I could have simply assumed that the weight of the pretrained D was the problem, but these nan values don’t always appear and if I’m lucky, the training ends without nan occurring until the 100,000 iterations I set.
(In the example I showed above, it happened at the 20,000th iteration out of 100,000.)

In fact, I can see it in the debugger when I run

(Pdb++) p self._discriminator(I_gt_recon_sample, None)
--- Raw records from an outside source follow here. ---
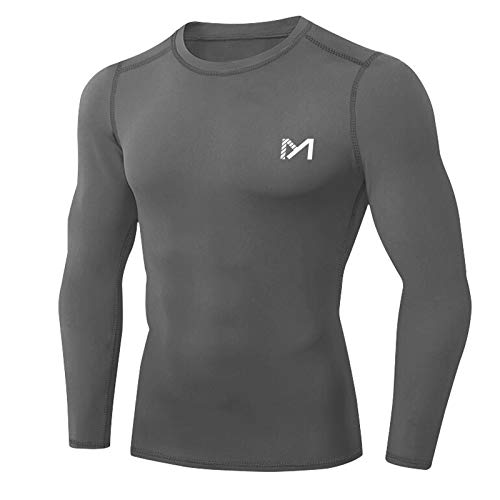 MEETYOO Herr kompressionströja funktionell tröja långärmad t-shirt, Grå fleece, XXL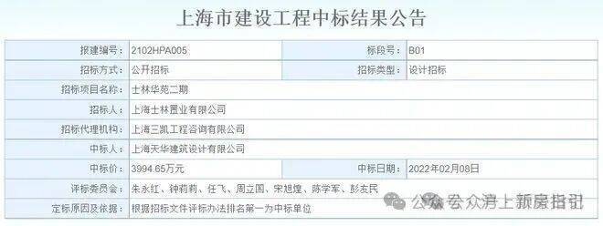 2022年2月8日,上海天华建筑设计有限公司以3994.65万元中标士林华苑二期地块设计项目!士林润园售楼处电话4008569058☑️☑️
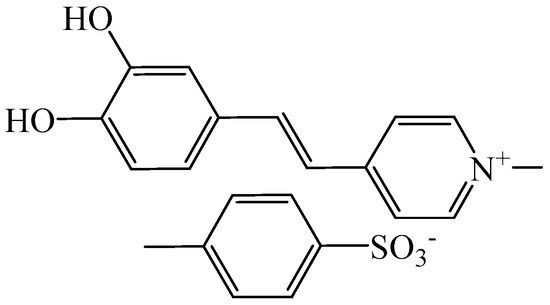 The compound 3′,4-dihydroxy-4-N-methylstilbazolium tosylate (Figure 6) was prepared by Marder et al. in the early days [41]. A large powder SHG efficiency of 0.1 times of DAST was observed for this compound. X-ray studies exhibited that this crystallizes in the triclinic space group P1 with one cation and one anion in the unit cell.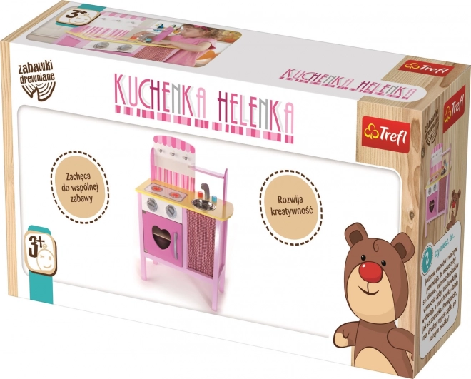 Kuchnia dla dzieci Helenka TREFL to stylowa drewniana zabawka, która przeniesie maluchy w świat gotowania. Dzięki realistycznym elementom, takim jak kuchenka z piekarnikiem, zlew i praktyczna przestrzeń do przechowywania, dzieci ćwiczą małą motorykę oraz umiejętności społeczne podczas zabawy w odgrywanie ról.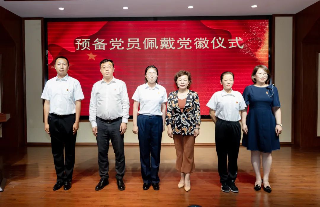 会上,市卫健委机关党委专职副书记孟莉,院党委书记张皞男,院党委副书记、院长曹阳,为预备党员佩戴党徽。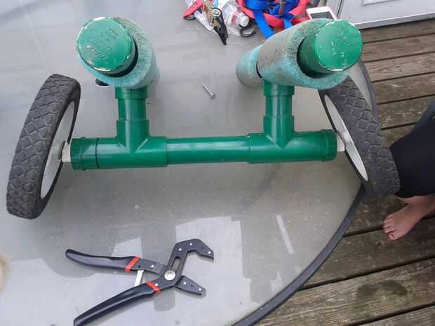 así que hubo un poco de un problema con el uso de mi carro de portage para un acoplado de la canoa de bicicleta.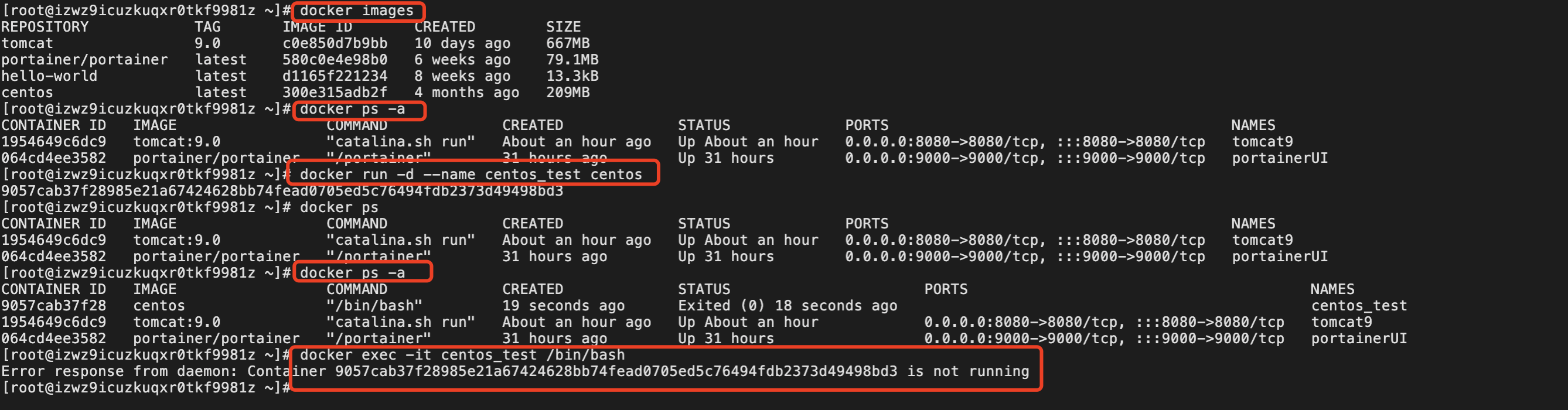 我们使用下载的centos镜像,运行进入容器发现容器没有运行,docker ps查看运行中的容器,docker ps -a查看所有容器;因为我们下载的centos里面啥都没有,没有做任何事情docker默认不启动;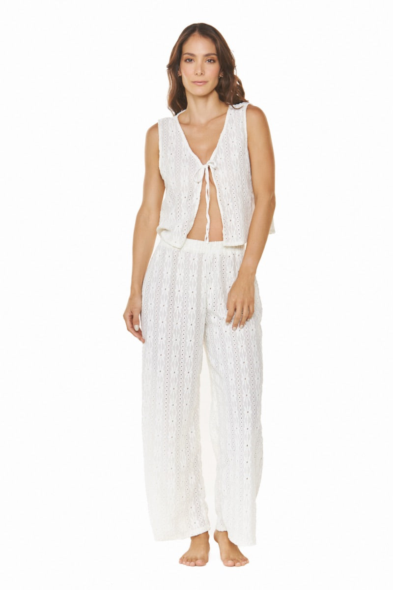 La salida de baño en tela bordada blanca, con diseño de manga sisa y amarre frontal, ofrece un toque elegante y práctico. Su textura tejida proporciona comodidad y frescura, ideal para usar como prenda exterior o como salida de playa. Cada pieza se vende por separado, permitiendo combinarla según tu estilo y ocasión. Perfecta para quienes buscan sofisticación y versatilidad en un solo look.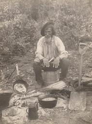 | Keywords: food preparation foodpreparation monochrome outdoor Photographer: Reuben R. Sallows (1855 - 1937) Description: Older man, seated on wooden pail, by fire with a cooking pot, coffee pot and frying pan; scruffy grey beard & moustache; hat at angle on right side of head; sweat-stained shirt with sleeves rolled; left knee of pants and long-johns torn; square shovel with carved handle on right; bush in background; date (1910/90) in pencil and Sallows stamp in blue ink on back Object ID : 0365-rrs-ogohc-ph View additional photographs by Sallows that are held in other collections at the Reuben R. Sallows Digital Library. Order a higher-quality version of this item by contacting the Huron County Museum (fee applies). Photographer: Reuben R. Sallows (1855 - 1937) Description: Older man, seated on wooden pail, by fire with a cooking pot, coffee pot and frying pan; scruffy grey beard & moustache; hat at angle on right side of head; sweat-stained shirt with sleeves rolled; left knee of pants and long-johns torn; square shovel with carved handle on right; bush in background; date (1910/90) in pencil and Sallows stamp in blue ink on back Object ID : 0365-rrs-ogohc-ph View additional photographs by Sallows that are held in other collections at the Reuben R. Sallows Digital Library. Order a higher-quality version of this item by contacting the Huron County Museum (fee applies). |
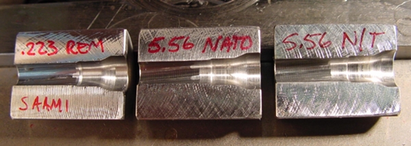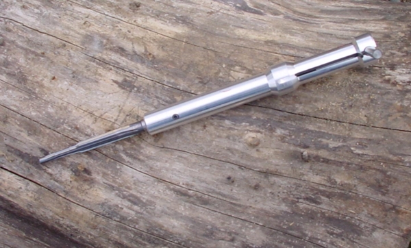 Now also available in 6.8 SPC with long freebore and throat! Add $20 for 6.8 SPC. A common problem when firing 5.56 mil-spec ammo in an AR15 with a SAAMI-spec .223 chamber, is that once in a while a spent primer will fall out of a case as it is extracted. Sometimes the primers fall clear and there's no problem, other times they will go under the trigger and get wedged, rendereing the rifle inoperable. I've seen some extreme cases of this where the hammer and trigger were actually hard to get out. I've seen them get wedged between the charging handle and the inside of the receiver, with the bolt out of battery, so that the gun had to have the stock removed so the bolt could be removed to clear the primer. It is not unknown for the primer anvil get stuck on the tubular portion of the carrier key! Popped primers are due in part to the tighter, shorter freebore and shorter, more abrupt throat of the .223 chamber, causing a pressure spike with the hotter, mil- spec ammo. This reamer will address these areas as well as making sure the neck diameter is not too tight or short, without changing headspace. It does not cut the shoulder or anything behind it; it stops off on the shoulder. Of course, whatever rifle you're shooting, you could just look at what's stamped on the barrel-- it might say .223, or it might say 5.56, or it might say nothing. You could call the manufacturer and ask them what chamber you have, but even if you get to talk to somebody who understands the question, they likely don't really know. They may tell you what you want to hear, but truth is, not many AR15 manufacturers make their own barrels. They buy them from someone else, so they don't really, truly know what chamber you have. Some of them will flat decline to discuss it with you. This reamer is designed as an easy, quick and sure way to know. You just open the upper receiver, remove the bolt group, drop in the reamer with some oil, and slowly turn it in (clockwise only, never reversing it), using a lot of turns and very little pressure. The handle centers itself in the upper receiver. When ithe reamer bottoms out on the chamber's shoulder it will spin freely-- it has stopped cutting and you are done. When you have done this, you know for sure you have a chamber with proper 5.56-plus dimensions in the critical freebore and throat area. Primer popping due to pressure spikes in a short leade will cease, but be advised there can be other factors in popped primers such as hot ammo, hot chambers, and improperly loaded ammo. The new version ($250, shown above) has a redesigned handle that is custom machined from aluminum barstock, so it is quite a bit lighter (handle and reamer weigh less than the original handle alone). It is also shorter to take up less room in your toolbox, and, most importantly, it functions as a storage case for your reamer. When you are finished reaming, simply remove the reamer, reverse it, and insert it into the handle-- your expensive tool is now very well protected and not taking up extra room in your toolbox. There is also a slot in the handle to accept the Allen wrench you need to turn the set screw that retains the reamer. The Allen wrench is retained in the handle so everything you need is right there. What about chromed-lined chambers? The good news is that in my experience, Colt AR15 chromed barrels have a proper 5.56 chamber. I would consider most others to be suspect. The reamer has been subjected to a secondary heat-treating process, titanium carbo-nitride, which makes it capable of correcting under-spec chromed chambers. Obviously it will do fewer of them, but I have yet to hear of one of my reamers geting dull-- and my personal one has done at least a few dozen chromed chambers. Will removing the chrome be a problem? No. Plenty of AR's don't have chromed bores and chamber and they work fine. I've sectioned some chromed barrels and the chrome doesn't last that long in the throat area anyway. Removing chrome in the chamber won't cause the area to peel like bumper chrome. Reamer with new lightweight/compact handle that doubles as reamer storage: $295, add $10 for shipping. I always ship Priority Mail which usually gets it there in three days or less.

command in the debugger, only 1 out of 5 or 6 times does the whole value come out as nan, the rest of the time it doesn’t.

I checked the dtype of the discriminator parameter and the values are as follows:

(Pdb++) for param in self._discriminator.parameters(): print(param.dtype)

torch.float32
torch.float32
…

I am not sure what on earth is causing this to happen.
I am desperate for your help. How can I solve this problem of getting NAN sometimes?